July 22, 2022

The Gift of Time: Drucker, SAH Students Selected for a Life-changing Grant

AND THE WINNERS ARE: AAUW grant recipients Deja Darrington (left) and Jessica Moss.

Two CGU students have been chosen for significant awards from the American Association of University Women (AAUW), an advocacy group dedicated to supporting women and girls that recently announced some $6 million in grants to help ease student debt.

The graduate journeys of Drucker MBA student Deja Darrington and Cultural Studies doctoral student Jessica Moss will be made easier thanks to their selection for two of the AAUW awards.

“Because of this fellowship, I can graduate earlier than expected by next spring,” said Darrington, who started her degree program in 2020. “I am ecstatic about this!”

What’s one of a grad student’s

most precious resources? Time.

Darrington is the recipient of one of the AAUW’s Selected Professions Fellowships that comes with an $18,000 award to help her focus on marketing courses including experiential marketing and marketing strategy.

Darrington said there are relatively few fellowships and scholarship programs at the graduate level in comparison to undergraduate degree programs.

“It was amazing for me to find an organization like AAUW that helps empower women in their academic goals,” said Darrington, who said her goal in her Drucker program is to leverage data analytics, research and innovation in order to make strategic marketing decisions that inspire change and drive results.

Like Darrington, Moss, who is pursuing her doctorate with a focus on the motivations, experiences and contributions of women and nonbinary individuals in local interfaith communities, agreed that the greatest gift of the AAUW award is time.

“As a mom with two young and active boys,” Moss said, “I have worked full-time throughout my PhD journey.”

Moss is the recipient of an AAUW American Fellowship, which comes with a $20,000 award to help her as she works on her dissertation.

Moss said the AAUW fellowship is easing some financial pressures so that she doesn’t have to carry a full-time teaching load to cover her family’s expenses.

“It’s allowing me more time to write,” she explained, “as well as spend time with my children. It is a huge blessing.”

Responding to Student Debt

According to the AAUW, the burden of student debt is a key contributor to a pay gap that disproportionately affects women, particularly women of color, across professions.
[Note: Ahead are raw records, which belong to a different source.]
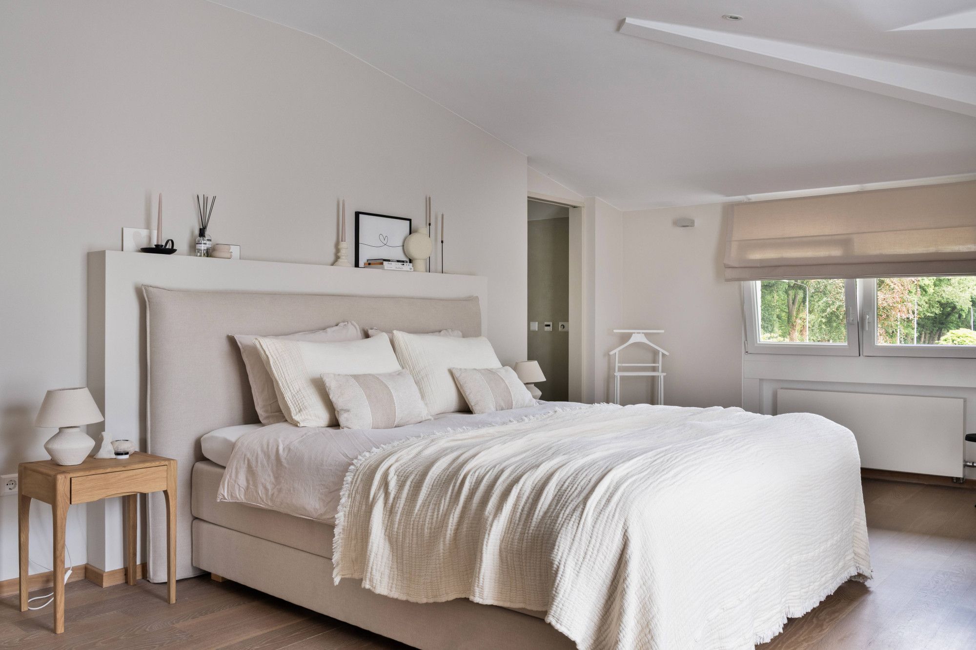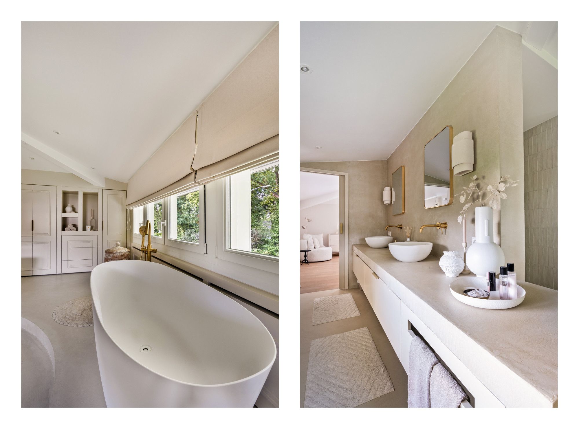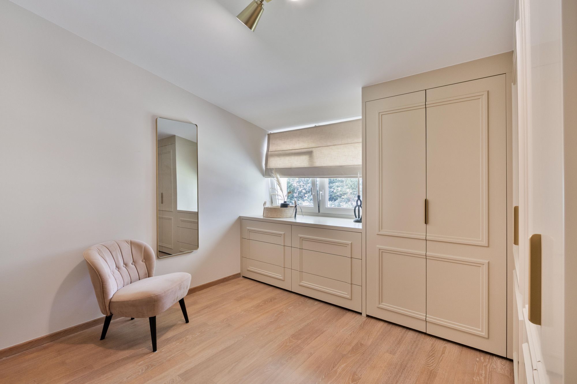 Op de verdieping zet een zorgvuldig samengestelde mix van goud en beige eveneens de toon: goud voor glamour en warmte, beige voor zachtheid en sereniteit. Zoals het gezegde luidt: “De beste kleur in de hele wereld is de kleur die je goed staat.” Hier is dat voelbaar in elke nuance. De vrouw des huizes koos in nauwe samenwerking met de interieurarchitect de kleuren, materialen en accessoires, waardoor elke ruimte een persoonlijk en harmonieus geheel vormt.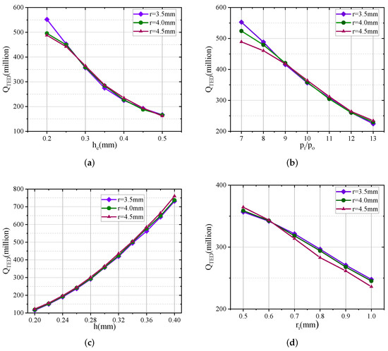 In this section, fused silica is chosen as the device material. The finite element simulation analysis is based on thermoelasticity physics. At the same time, the Q of the microhemispherical shell resonator is simulated assuming TED is the only dominant dissipation mechanism. Figure 7 gives the of microhemispherical shells with different parameters. is the Q due to TED.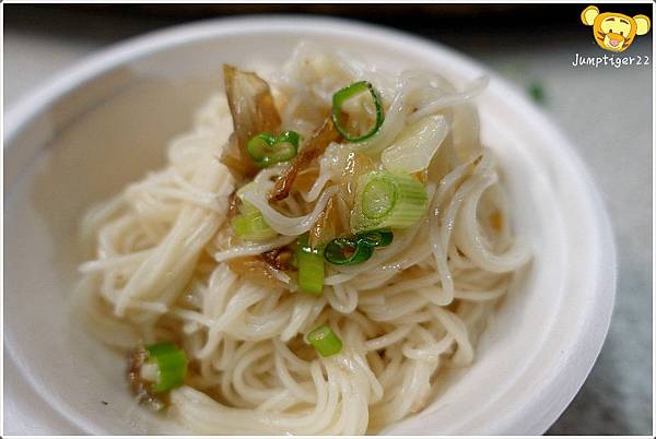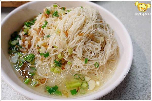 ▼ 麵線下層的雞油湯汁閃耀著光芒,雞油香氣隨著麵線的攪拌散出香氣,油蔥與蔥花提味的不多不少剛剛好!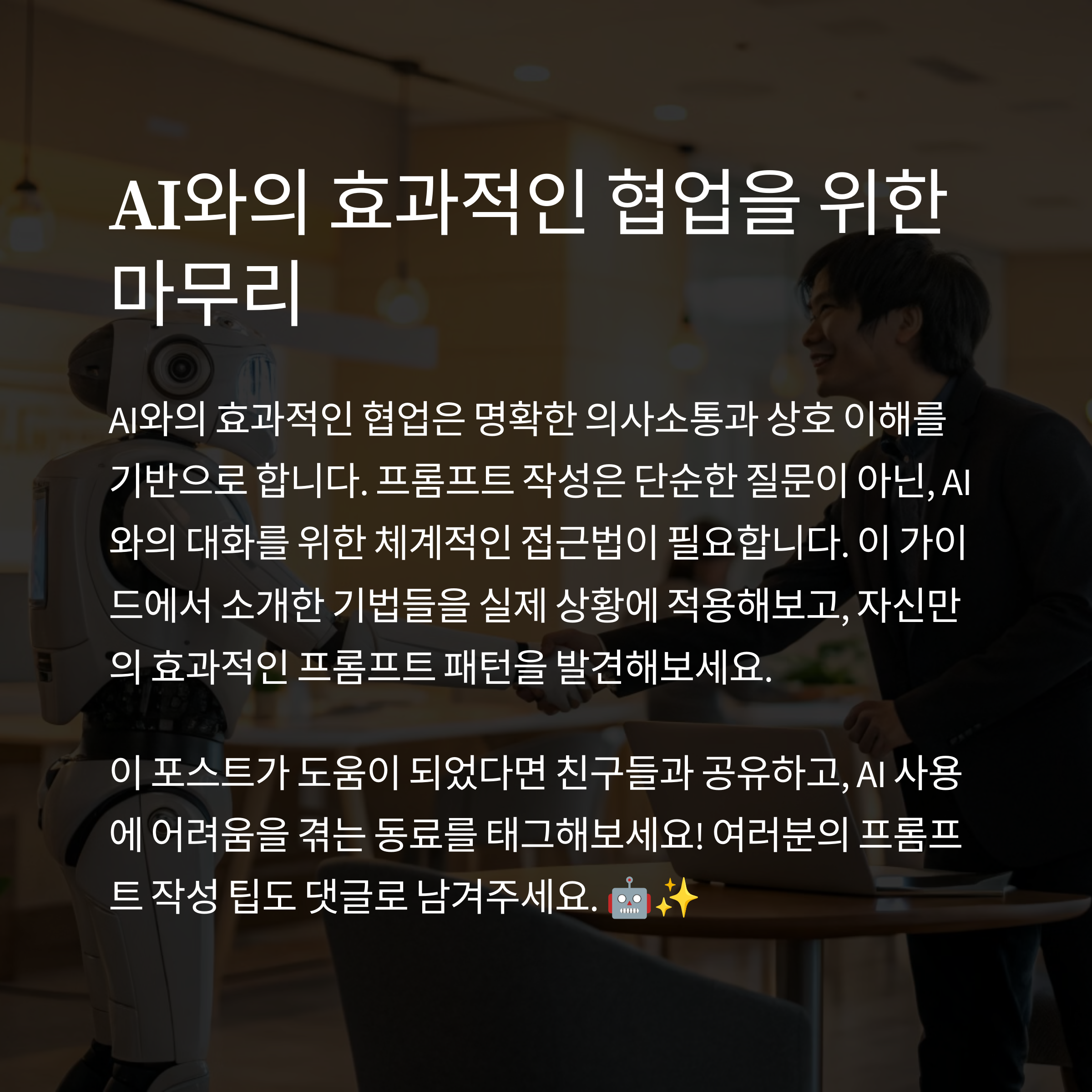 AI랑 대화하다가 막히는 순간, 이제 당황하지 마세요! 오늘 소개한 프롬프트 작성 꿀팁들을 잘 기억해두셨다가 필요할 때 하나씩 써보세요. 직접 해보면 확실히 달라진 응답 품질에 깜짝 놀라실 거예요. 앞으로도 GPT를 더 스마트하게 활용하고 싶은 분들이라면, 이 방법들 꼭 활용해보시길 추천드립니다. 여러분도 경험해보신 똑똑한 프롬프트 팁이 있다면 댓글로 공유해주세요! 🤗

To bridge or shrink that gap, the AAUW has spent its nearly 140-year-lond existence providing more than $135 million in fellowships, grants, and awards to 13,000 women from 150 countries.

“Our fellowships and grants have opened doors of access and opportunity for thousands of women for more than a century,” said AAUW CEO Gloria L. Blackwell. “This funding is life-changing and plays a pivotal role to ensure that women can achieve their dreams, especially women of color and for women in STEM fields, who still face enormous obstacles to success.”